Mint Chocolate Viennese Whirls

Aimee Field
Buttery crumbly chocolate Viennese whirl, filled with a deliciously light mint buttercream. Such a treat!
Prep Time 30 mins
Cook Time 15 mins
Cooling Time 30 mins
Total Time 1 hr 15 mins
Course Biscuits
Cuisine British
Servings 7 Whirls



  • 250 g unsalted butter room temperature
  • 50 g icing sugar
  • 50 g cocoa powder
  • 200 g plain flour
  • 50 g cornflour
  • 3 1/2 tsp whole milk


  • 100 g unsalted butter room temperature
  • 200 g icing sugar
  • 1/4 tsp peppermint extract
  • 1 pinch of salt


  • For the biscuits: Preheat your oven to 190C/Fan 170C and line a large baking tray with baking paper that you’ve marked out 14 circles on for guidance. I draw round a 6mm cookie cutter.
  • Beat together the butter, sugar, cocoa powder, plain flour and cornflour together until you get a smooth paste. You can also do this in a food processor. Then add the milk a little at a time until you reach a smooth piping consistency – you may need more milk than is specified. Spoon the mixture into a piping bag fitted with a star nozzle, and pipe circles onto the baking paper starting from the outside and working your way in.
  • Bake the biscuits in the oven for 12-15 minutes until they are firm.

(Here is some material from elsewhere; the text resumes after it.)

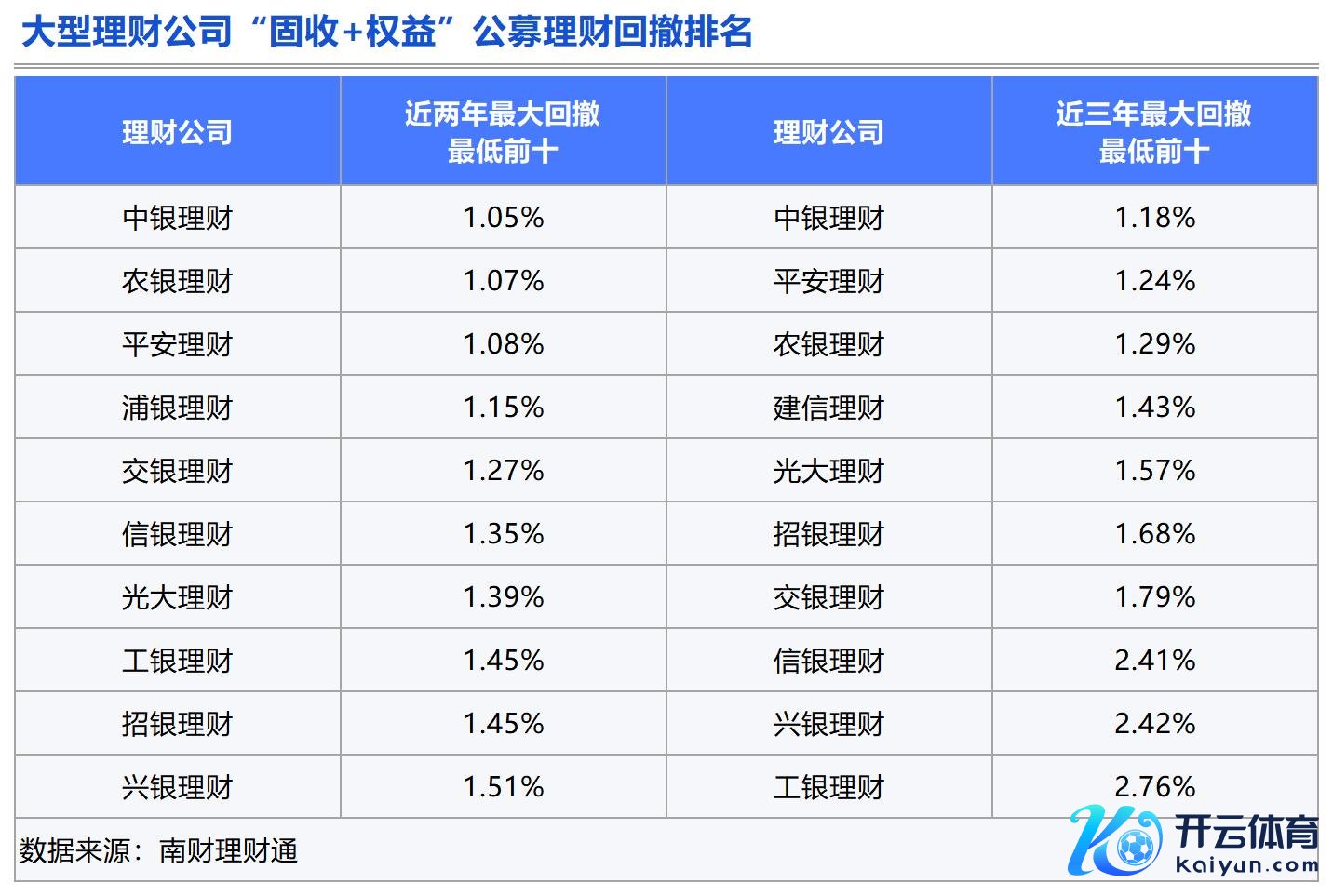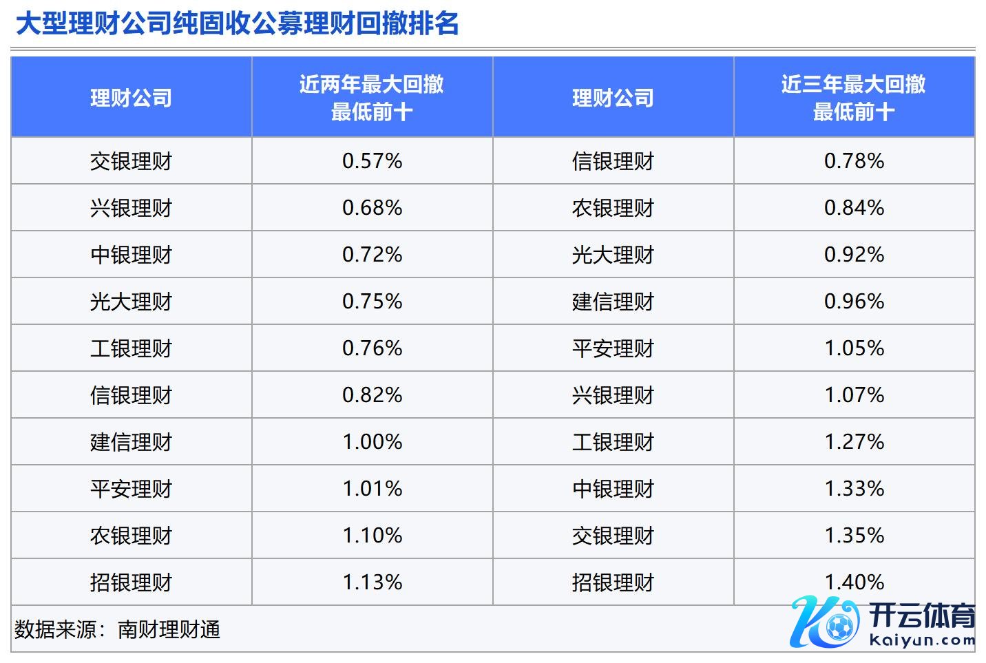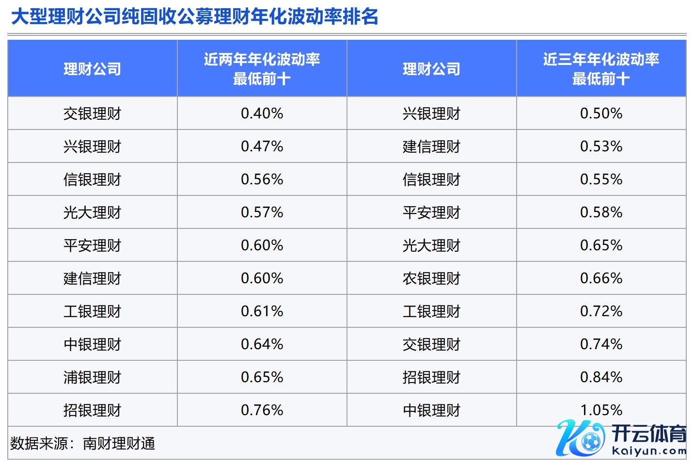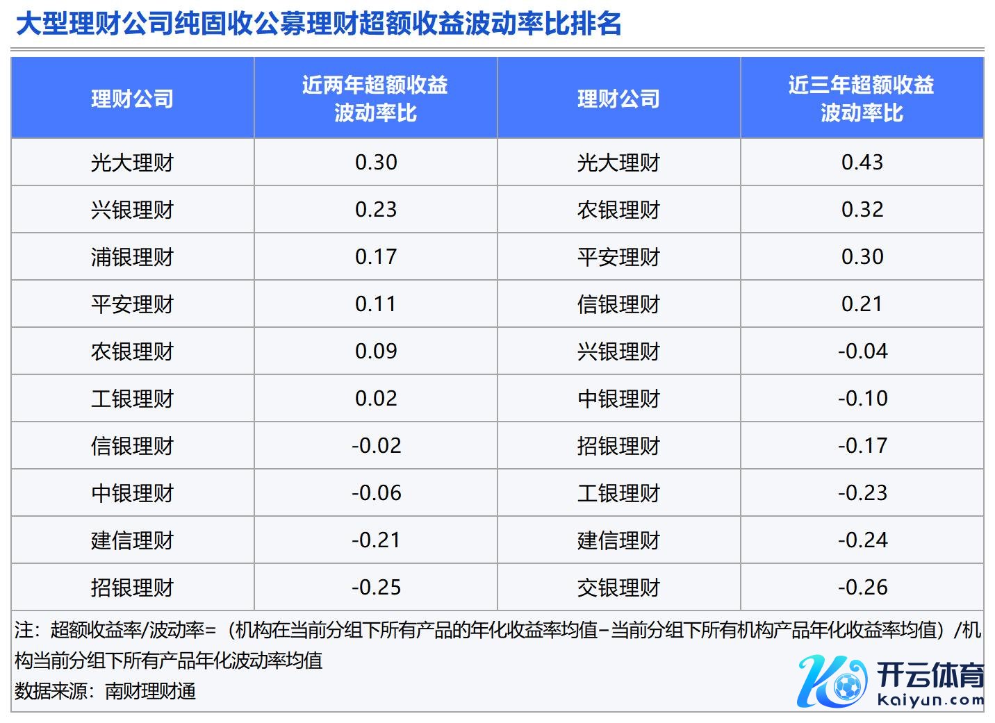 概括近2年、近3年年化波动率数据来看,兴银搭理、信银搭理、吉祥搭理和光大搭理纯固收居品抗波动才能永恒位于大型搭理公司前五位。

Then leave them to cool on the baking tray.
  • For the buttercream: Using an electric whisk beat the butter for 5 minutes until very pale and light in texture. Then add in the icing sugar (you may want to mix this lightly by hand at first to avoid an icing sugar cloud) and the peppermint extract and beat until combined.
  • Spoon the buttercream into a piping bag fitted with a star nozzle and pipe onto 7 of the biscuits. Then sandwich with the remaining 7 biscuits to create the Viennese whirls.